Sparsity can be seen.

### 3. N-gram:
The vocabulary is the combination of n-words.

**Pros:**
- Consider "This book is very good" and "This book is not good". Using Bi-gram, vocabulary is ["This book","book is","is very","very good","is not","not good"].
```
Doc1 = [1,1,1,1,0,0]
Doc2 = [1,1,0,0,1,1]
```
The vectors are now far from each other in the vector space which is why they are no longer similar.
- Better conveying of semantic meaning.
  
**Cons:**
- Dimension of vocabulary increases --> model interpretation increases, model computation increases.
- Out of Vocabulary words.

In [55]:
cv_2 = CountVectorizer(ngram_range=(2,2))

In [53]:
bow = cv_2.fit_transform(df1['documents'])

In [54]:
cv_2.vocabulary_

{'the more': 6,
 'more the': 3,
 'the merrier': 5,
 'more people': 2,
 'people enrolled': 4,
 'enrolled last': 0,
 'last week': 1}

ngram_range = (1,2) will contain words from unigram as well as bigram.

 ### 4. TF-IDF
 Assigns weightage to words. 

 **Term Frequency (TF)** : Number of times word w occurs in a given documensts / Total number of wordds in the document. <br>
 **Inverse Document Frequency** : log(Number of documents / Number of documents with word w) --> Captures the "rare" or "frequency" of words

In [56]:
df1

Unnamed: 0,documents
0,The more the merrier.
1,More people enrolled
2,Enrolled last week


In [62]:
from sklearn.feature_extraction.text import TfidfVectorizer
tfidf = TfidfVectorizer()
tfidf.fit_transform(df1['documents']).toarray()

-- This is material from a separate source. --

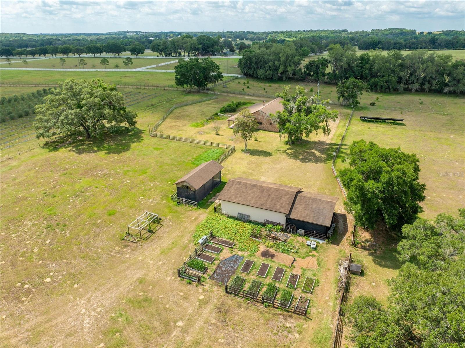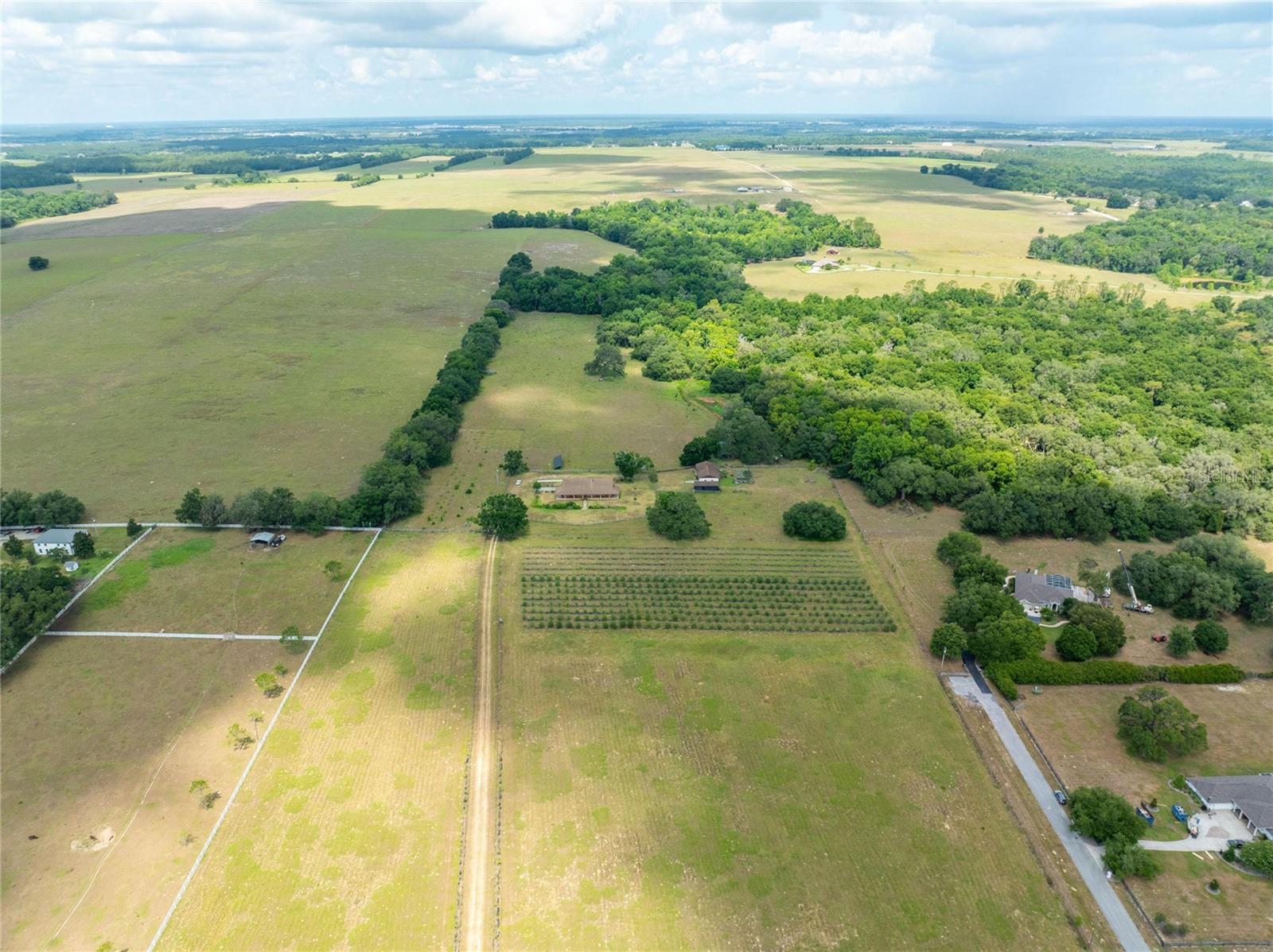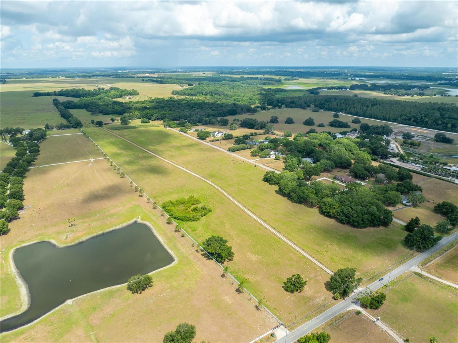 Seize the opportunity to invest in a prime 60-acre (MOL) high and dry buildable lot, strategically located next to new, upcoming developments. With direct access to Fort King Road, this property is currently zoned AC, with future land use designated as VMU2B (Village Mixed Use Type 2-B). Situated in one of the most strategic areas in Pasco County. Location highlights include being just 7 minutes from "Mirada Lagoon," the largest development in Pasco County, featuring over 5,000 homes, and only 5 miles from Downtown Zephyrhills, 6 miles from Downtown Dade City, and 3 miles from Walmart Supercenter, Lowe's, Publix, and local hospitals. It is centrally located with excellent connections to Tampa, Orlando, Lakeland, Zephyrhills, Dade City, San Antonio, and Wesley Chapel via US 98, US 301, I-4, and I-75. The property features a beautiful custom brick home with 3 bedrooms, 2 baths, offering 2,520 sq. ft. of living space plus an additional 400 sq. ft. gym/office. The home includes an open living and dining area with vaulted ceilings and a wood-burning fireplace, leading to a charming screened back porch overlooking a scenic pond. The modern kitchen features a large center island, Jenn-Air cooktop, granite countertops, stainless steel appliances, an oversized walk-in pantry, and a spacious laundry room off the kitchen. The roof was replaced in 2017. Additional structures include a separate 1,200 sq. ft. masonry equipment barn/workshop with a half bath and sink, an RV/boat carport with water, sewer, and electric hookups, a 600 sq. ft. equipment bay, and a row of 6 beautiful, strong, and secure chicken coops, each measuring 10 ft. by 12 ft., totaling 720 sq. ft. The property also features solar panels, a 225 ft. deep well. The land can be divided into three 20-acre parcels, offering flexibility for various subdivision options or maintaining a contiguous 60-acre parcel. It is currently Green-belted with leased hay/cow fields, presenting numerous development opportunities. This property is perfect for investors and developers, being ideal for office buildings, warehouses, medical facilities, townhomes, single-family residences, hotels, self-storage units, restaurants, and more. Situated in a high-traffic area, this property is poised to capitalize on the region's booming growth. This exceptional land opportunity in Pasco County is waiting for your vision. Call today for more information!

array([[0.        , 0.        , 0.42339448, 0.32200242, 0.        ,
        0.84678897, 0.        ],
       [0.51785612, 0.        , 0.        , 0.51785612, 0.68091856,
        0.        , 0.        ],
       [0.4736296 , 0.62276601, 0.        , 0.        , 0.        ,
        0.        , 0.62276601]])

In [64]:
print(tfidf.idf_)

[1.28768207 1.69314718 1.69314718 1.28768207 1.69314718 1.69314718
 1.69314718]


In [67]:
#Vocabulary
print(tfidf.get_feature_names_out())

['enrolled' 'last' 'merrier' 'more' 'people' 'the' 'week']


**Why do we take log in the calculation of IDF?**

If you calculate the IDF for a rare word in the document, the computation without log woulg be very high and will dominate the Term Frequency measure. Therefore, to ignore this situation, we take a log while computing IDF.

**Pros:** - Used for Information retrieval. <br>
**Cons:** - Sparsity, Out of Vocabulary, dimension becomes very big and does not capture the semantic meaning of a document.